First off, thanks for taking the time to contribute! ❤️

All types of contributions are encouraged and valued. See the Table of Contents for different ways to help and details about how this project handles them. Please make sure to read the relevant section before making your contribution. It will make it a lot easier for us maintainers and smooth out the experience for all involved. The community looks forward to your contributions. 🎉

And if you like the project, but just don't have time to contribute, that's fine. There are other easy ways to support the project and show your appreciation, which we would also be very happy about:

  • Star the project
  • Tweet about it
  • Refer this project in your project's readme
  • Mention the project at local meetups and tell your friends/colleagues

Table of Contents

Code of Conduct

This project and everyone participating in it is governed by the Pionia Framework Code of Conduct.

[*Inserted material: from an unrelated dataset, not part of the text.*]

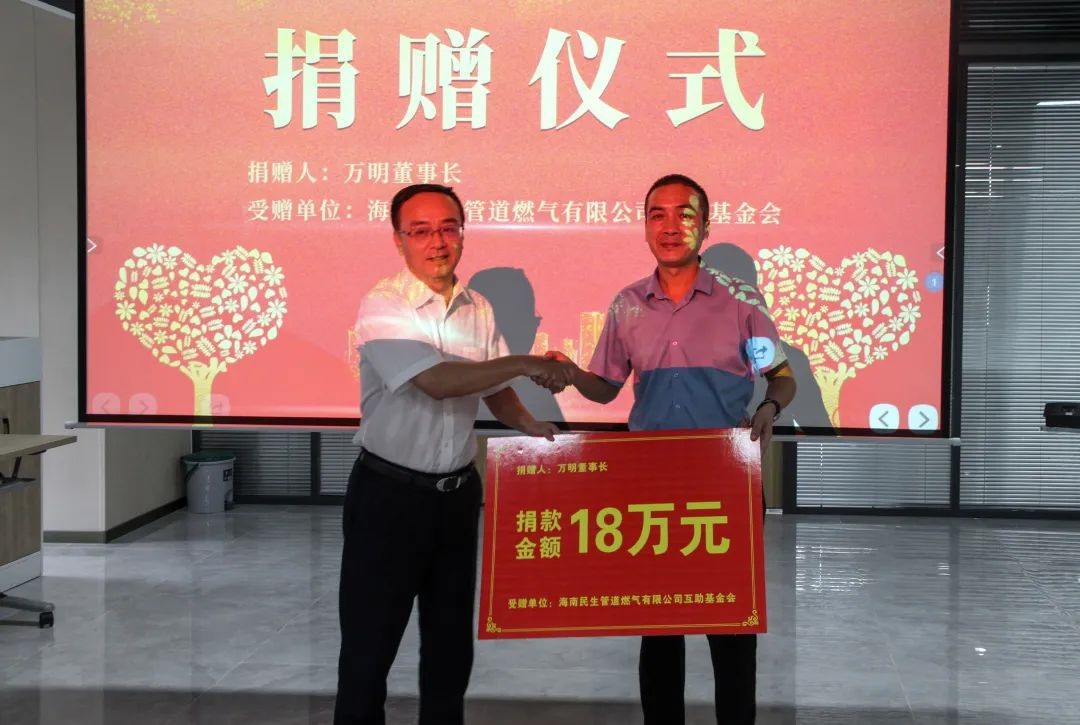 9月16日,民生眾和集團(tuán)工會第一屆第二次職工代表大會順利召開。萬明董事長以個人名義向海南民生燃?xì)饣ブ饡栀泿头鲑Y金18萬元。

By participating, you are expected to uphold this code. Please report unacceptable behavior to ezrajet9@gmail.com.

I Have a Question

If you want to ask a question, we assume that you have read the available Documentation.

Before you ask a question, it is best to search for existing Issues that might help you. In case you have found a suitable issue and still need clarification, you can write your question in this issue. It is also advisable to search the internet for answers first.

If you then still feel the need to ask a question and need clarification, we recommend the following:

  • Open an Issue.
  • Provide as much context as you can about what you're running into.
  • Provide project and platform versions (nodejs, npm, etc), depending on what seems relevant.

We will then take care of the issue as soon as possible.

I Want To Contribute

Legal Notice

When contributing to this project, you must agree that you have authored 100% of the content, that you have the necessary rights to the content and that the content you contribute may be provided under the project license.

Reporting Bugs

Before Submitting a Bug Report

A good bug report shouldn't leave others needing to chase you up for more information. Therefore, we ask you to investigate carefully, collect information and describe the issue in detail in your report. Please complete the following steps in advance to help us fix any potential bug as fast as possible.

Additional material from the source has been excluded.